Believe it or not, Teens of Denial is Car Seat Headrest‘s thirteenth album despite main man Will Toledo only being 23 years old. It races out of the trap with ‘Fill In The Blank’, all Weezer-style power chords and classic rock sensibilities. The snippet of audio preceding the satisfyingly chunky riff with “You are now listening to… err… Car Seat Headrest!” is a knowing nod to his previous lo-fi stylings and the fact that this is most listeners’ introduction to the band. There’s plenty to love, but the momentum is cut abruptly short by ‘Vincent’‘s chiming, two-minute long intro. It stirs itself into something resembling a Strokes album cut and gets interesting with the introduction of some stabs of brass halfway through its 7:46 runtime. It sets the pace for the record: half the tracks here are longer than five and a half minutes and as a band they’re not scared to try out a few different ideas in a song.
Naturally some of these ideas are better than others. ‘(Joe Gets Kicked Out of School for Using) Drugs With Friends (But Says This Isn’t a Problem)’‘s main issue isn’t just that archly ludicrous and word count-unfriendly title, it’s the way that the slow motion, almost country first half morphs into a stoner anthem, belting out the circular outro of “Drugs are better/drugs are better with friends are better/Friends are better with drugs are better” to the point where you expect your dad to shout “Hey Judy, Judy Judy Judy!” any minute.

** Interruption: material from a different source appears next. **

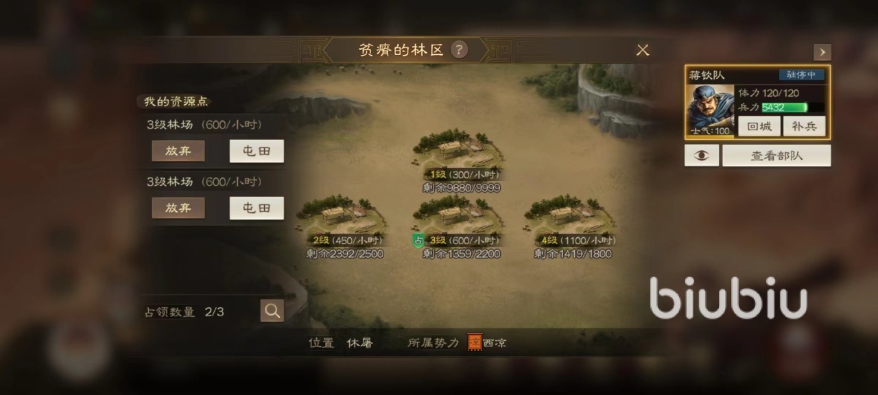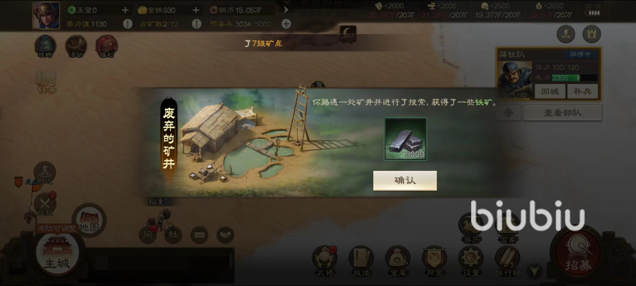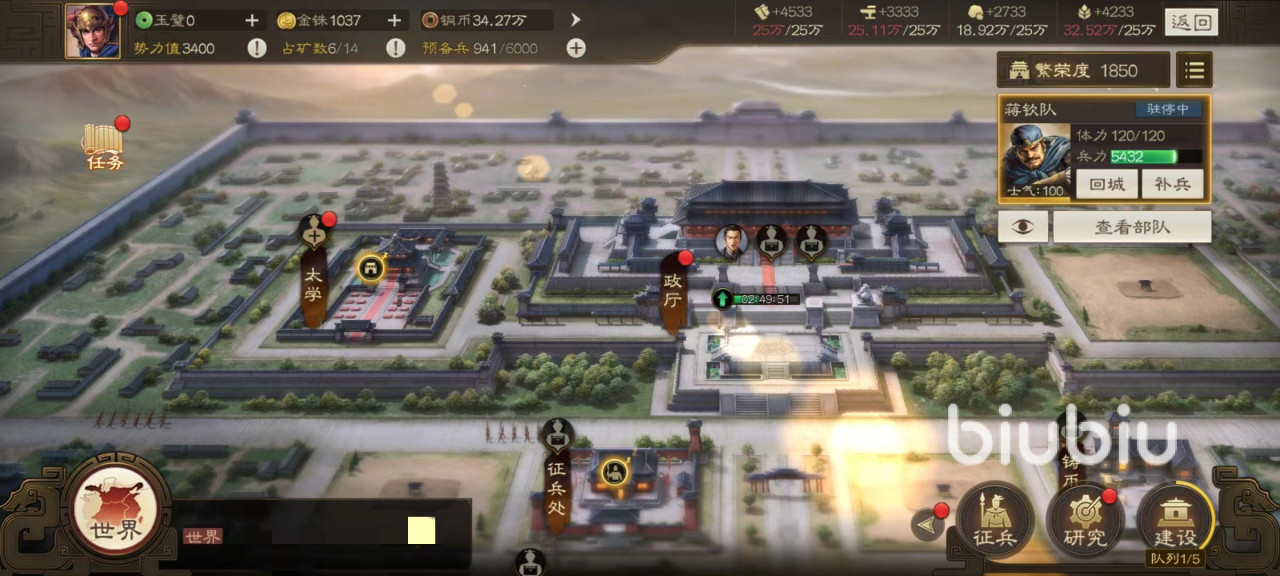 第二项需要做的事情就是在主城中尽量去提升建筑等级,为接下来资源获取、兵种战力提升和其他各项功能提供基础。尤其是要将政厅等级提升上去,提高统御值之后才能更方便组成阵容搭配,不然即使抽到武将,也难以全部编到队伍中。第三项需要做的就是快速占领低级土地,这也是前期开荒最关键一项内容,有了资源才能进行后续发展。不需要去抢夺其他人资源,只要在地图中多跑一跑,将木材,矿产,农田等均匀占据就可以。

When it’s good, as on ‘Not Just What I Needed’, Teens of Denial finds the perfect balance between the AOR sound that is evidently so beloved by Toledo and his resolutely DIY past. The way the song ends with distorted tape loops of guitar and studio chatter, explaining how he used to record vocals in the back seat of his car for privacy, leads wonderfully into ‘Drunk Drivers/Killer Whales’ a cappella intro of “In the back seat of my car/My love tells me I’m a mess”. It’s an achingly lovely moment and the most emotionally genuine point on the album. Unfortunately the song takes another one of those clever-clever left turns into po-faced sixth-form lyrics about the film Blackfish. Like yeah, it’s a sad film, but does the repetition of “It doesn’t have to be like this/Killer whales” really make you think?
It’s this discourse between the different influences that produces the moments that work best as well as the less successful efforts. ‘The Ballad of the Costa Concordia’ is a cruise ship sailing from acoustic power balladry to Pavement-style indie rock and crashing into Dido‘s ‘White Flag’ along the way. It sums the record up really: it’s bold, it’s more adventurous than most bands manage in an entire career, when it’s good it’s brilliant but there are patches that are pretty crap. And yet somehow, against the odds, it works.
Teens of Denial is out now on Matador Records.